Logo Questions Linux Laravel Mysql Ubuntu Git Menu
 

Django GenericRelation still does not enable reverse querying from GenericForeignKey

Tags:

python

django

In my Django project I have a model named Value that has a GenericForeignKey as such:

class Value(models.Model):
    content_type = models.ForeignKey(ContentType, on_delete=models.CASCADE, blank=True, null=True)
    val_id = models.PositiveIntegerField(blank=True, null=True)
    data_obj = GenericForeignKey('content_type', 'val_id')

Value is meant to be a sort of polymorphic table that uses ContentType and GenericForeignKey to be able to point to an arbitrary table that contains the actual data. For example, there is a model Int that a Value can point to:

class Int(models.Model):
    data = models.IntegerField(blank=True, null=True)

So, after creating an instance of Int:

myint = Int.objects.create(data=1)

I can create a Value that points to it:

myval = Value.objects.create(data_obj=myint)

There are other similar models that a Value would point to, such as UInt, String, and Float; they all only have the one field data. However, I was wondering how to query/filter through instances of Value based on the data contained by the model pointed to by the field data_obj. I.e., I want to be able to do something like this:

Value.objects.filter(data_obj__data=1)

But this results in an error:

Traceback (most recent call last):
  File "<console>", line 1, in <module>
  File "/usr/local/lib/python2.7/site-packages/django/db/models/manager.py", line 122, in manager_method
    return getattr(self.get_queryset(), name)(*args, **kwargs)
  File "/usr/local/lib/python2.7/site-packages/django/db/models/query.py", line 790, in filter
    return self._filter_or_exclude(False, *args, **kwargs)
  File "/usr/local/lib/python2.7/site-packages/django/db/models/query.py", line 808, in _filter_or_exclude
    clone.query.add_q(Q(*args, **kwargs))
  File "/usr/local/lib/python2.7/site-packages/django/db/models/sql/query.py", line 1243, in add_q
    clause, _ = self._add_q(q_object, self.used_aliases)
  File "/usr/local/lib/python2.7/site-packages/django/db/models/sql/query.py", line 1269, in _add_q
    allow_joins=allow_joins, split_subq=split_subq,
  File "/usr/local/lib/python2.7/site-packages/django/db/models/sql/query.py", line 1149, in build_filter
    lookups, parts, reffed_expression = self.solve_lookup_type(arg)
  File "/usr/local/lib/python2.7/site-packages/django/db/models/sql/query.py", line 1035, in solve_lookup_type
    _, field, _, lookup_parts = self.names_to_path(lookup_splitted, self.get_meta())
  File "/usr/local/lib/python2.7/site-packages/django/db/models/sql/query.py", line 1316, in names_to_path
    "adding a GenericRelation." % name
FieldError: Field 'data_obj' does not generate an automatic reverse relation and therefore cannot be used for reverse querying. If it is a GenericForeignKey, consider adding a GenericRelation.
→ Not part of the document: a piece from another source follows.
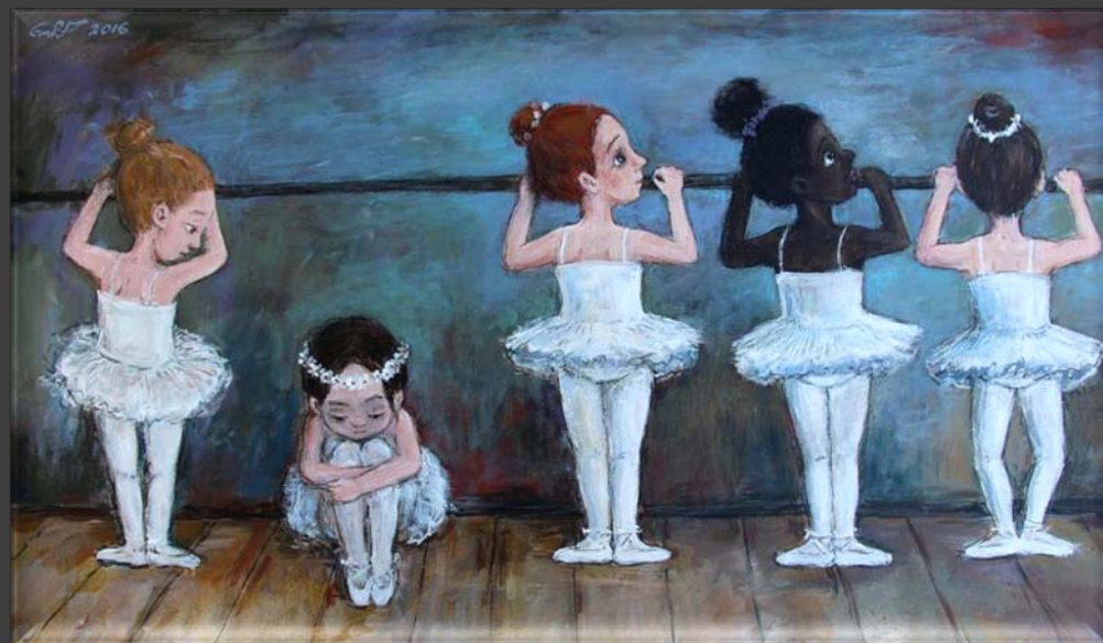
Н. Чакветадзе. Из серии «Сны о Грузии»

Хочется махнуть рукой На советы дам, И нарочно повод дать Вздорным языкам.

The problem is that even though I've updated each data model to have a GenericRelation field back to the Value model:

class Int(models.Model):
    data = models.IntegerField(blank=True, null=True)
    val_obj = GenericRelation(Value, object_id_field="val_id")

class UInt(models.Model):
    data = models.PositiveIntegerField(blank=True, null=True)
    val_obj = GenericRelation(Value, object_id_field="val_id")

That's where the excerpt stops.